November 7, 2017
Topped by an Eiffel Tower’s Worth of Steel, the Louvre Abu Dhabi Opens
A 590-foot-wide, 8,300-ton steel dome sits atop the Jean Nouvel–designed “museum city.”
Hovering above the Persian Gulf like a silvery mirage, the Louvre Abu Dhabi is an architectural feat of near-mythic magnitude. Conceived by Ateliers Jean Nouvel over the course of a decade, the museum campus, opening November 11, encompasses 55 individual buildings that jut out into the sea as a cluster of white islands.

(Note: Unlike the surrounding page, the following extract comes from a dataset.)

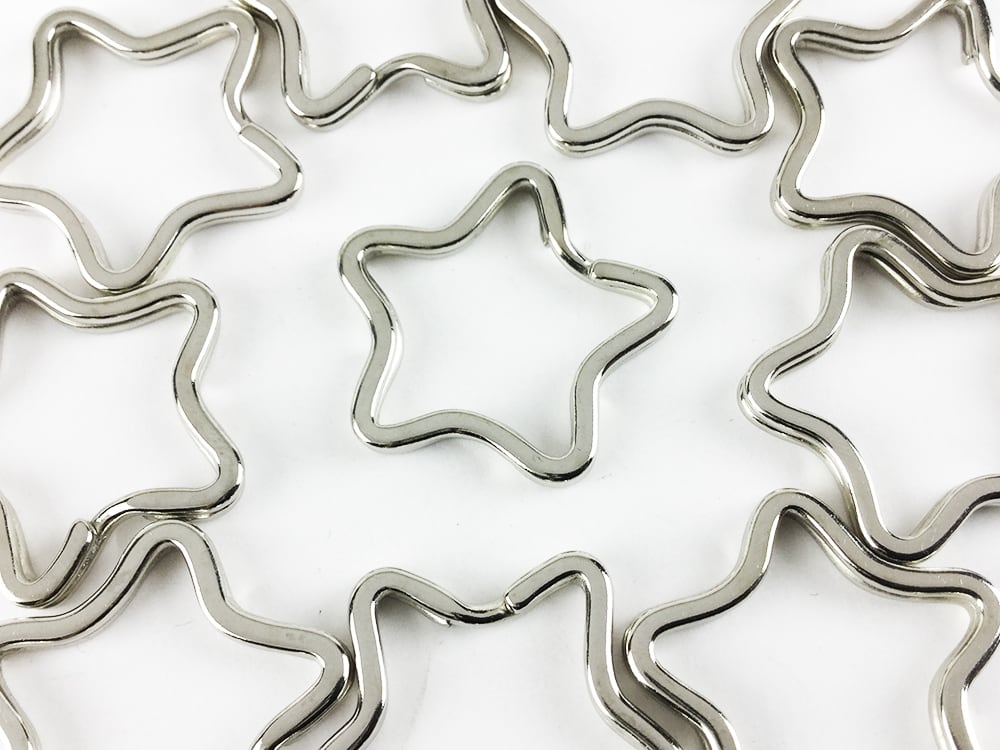 送料無料 平 キーリング 星 シルバー 10個 スター 二重 リング キーホルダー パーツ ストラップ パーツ アクセサリー 金具 (AP0179)

The museum’s defining feature is its latticed dome, whose 590-foot span shelters the “museum city” in an embrace of shadow and light. Created from eight kaleidoscopic layers of perforated steel, the roof serves as both a refuge from the scorching desert heat and an artwork in itself, filtering sunlight through thousands of apertures like a canopy of palm fronds. In aggregate, these pinpricks create a visual effect within the galleries that the architects call the “rain of light.” (At today’s press opening, Jean Nouvel observed how the play of light was as scattered and random “as the stars of the sky are random.”) But the dome’s apparent delicacy belies its heft: At 8,300 tons, it weighs as much as a pancaked Eiffel Tower. Remarkably, it rests on just four concrete piers, spaced 361 feet apart.
“I felt very moved by the rain-of-light effect the first time I experienced it,” says Paris-based architect Hala Wardé, who partnered with Jean Nouvel on the project. “The effect is always evolving and changing with the weather, seasons, and time of day.”